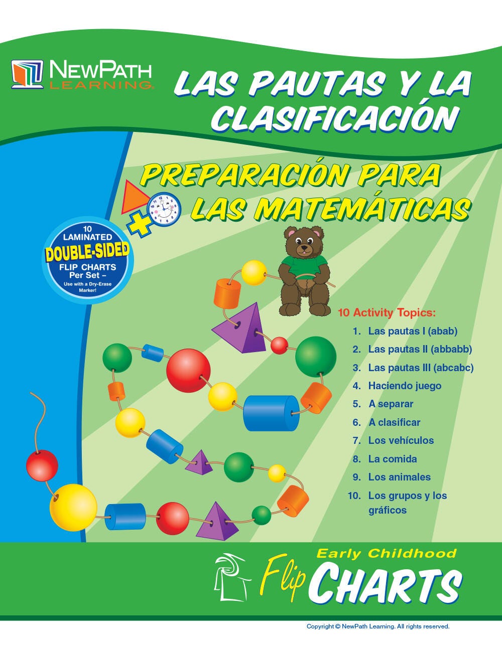 The Patterns & Sorting Spanish Language Flip Chart Set includes the following 10 double-sided, laminated charts:
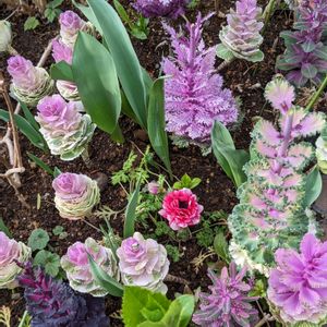 紫系の寄植え🔮💜🫐 昼間の気温が高いので葉牡丹がどんどん徒長して暴れてます🐿️🌿
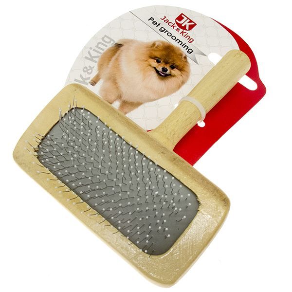 Частая металлическая щетина с каплями на концах проникает глубоко в шерсть, эффективно вычесывая отмершие волоски, не травмируя кожу.
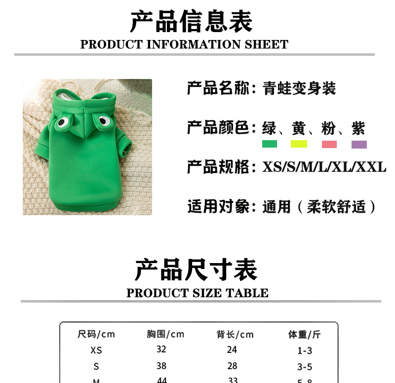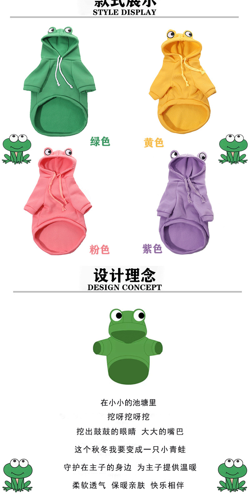 애완 동물 옷 개구리 변형 후드 조끼 개 고양이 가을과 겨울 따뜻한 중소 개 공장 직접 공급스토어 가기
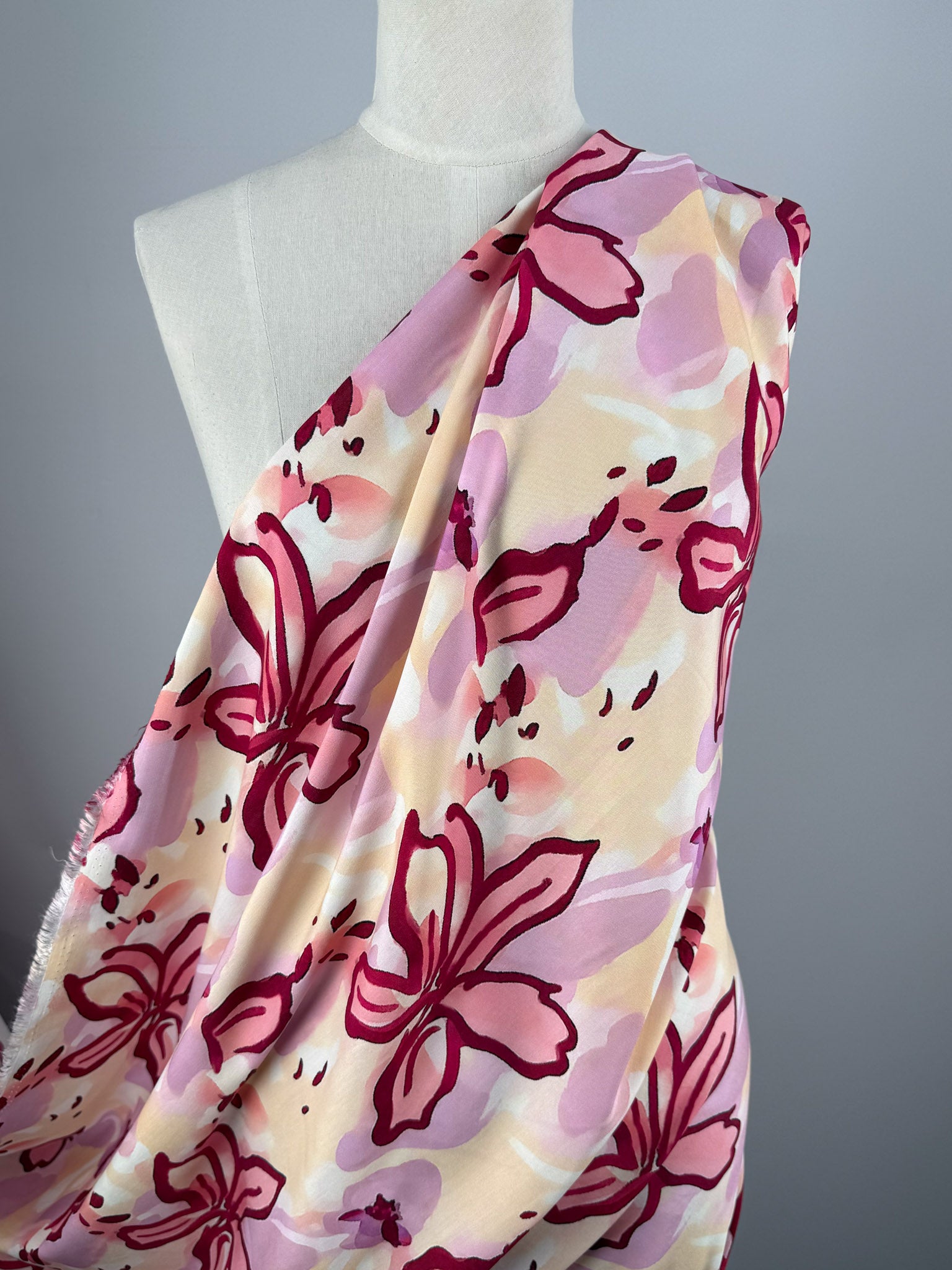 Our Designer Rayon showcases a beautiful and colourful fabric with vibrant prints that can be used for various purposes such as dresses, skirts, blouses, curtains, and more. Our collection showcases a soft, lightweight fabric with a smooth drape and a luxurious feel. Overall, rayon fabric offers both comfort and style, making it a versatile choice for any project. Rosewater features painterly floral motifs in soft blush and lilac tones, outlined in rich raspberry over a gentle cream base.
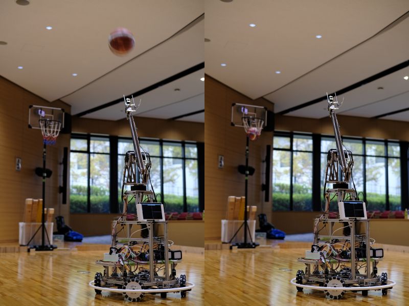 [Robot shooting basketball]
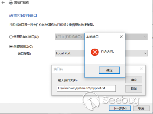 但如果設置打印端口名為C:\Windows\system32\myport.txt,則會失敗。
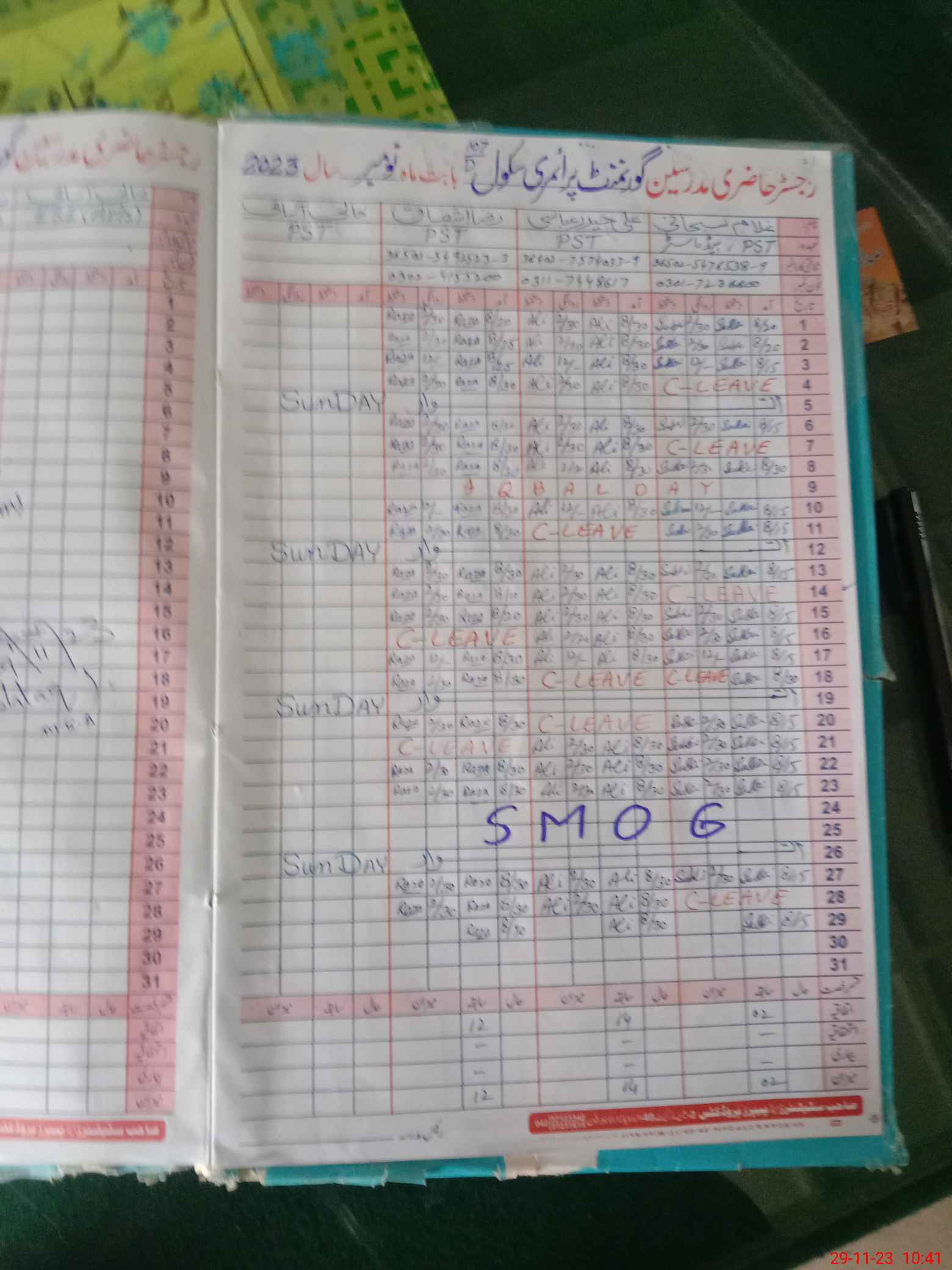 | CNIC | Full Name | Designation | R/C | Absence During Last Calender Month |
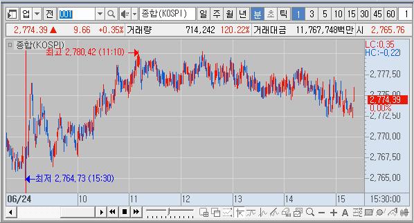 분봉을 확대해서 보고 있었더니 주가가 흐르는건지 횡보하는건지 구분이 어려웠다
+ + + + + + +
__Exercise goal__
Write out, word for word, the lines from the first line of the entries through the one containing "애완 동물 옷 개구리", both included. Leave out the pictures.

__Solved problem__
 The Patterns & Sorting Spanish Language Flip Chart Set includes the following 10 double-sided, laminated charts:
 紫系の寄植え🔮💜🫐 昼間の気温が高いので葉牡丹がどんどん徒長して暴れてます🐿️🌿
 Частая металлическая щетина с каплями на концах проникает глубоко в шерсть, эффективно вычесывая отмершие волоски, не травмируя кожу.
 애완 동물 옷 개구리 변형 후드 조끼 개 고양이 가을과 겨울 따뜻한 중소 개 공장 직접 공급스토어 가기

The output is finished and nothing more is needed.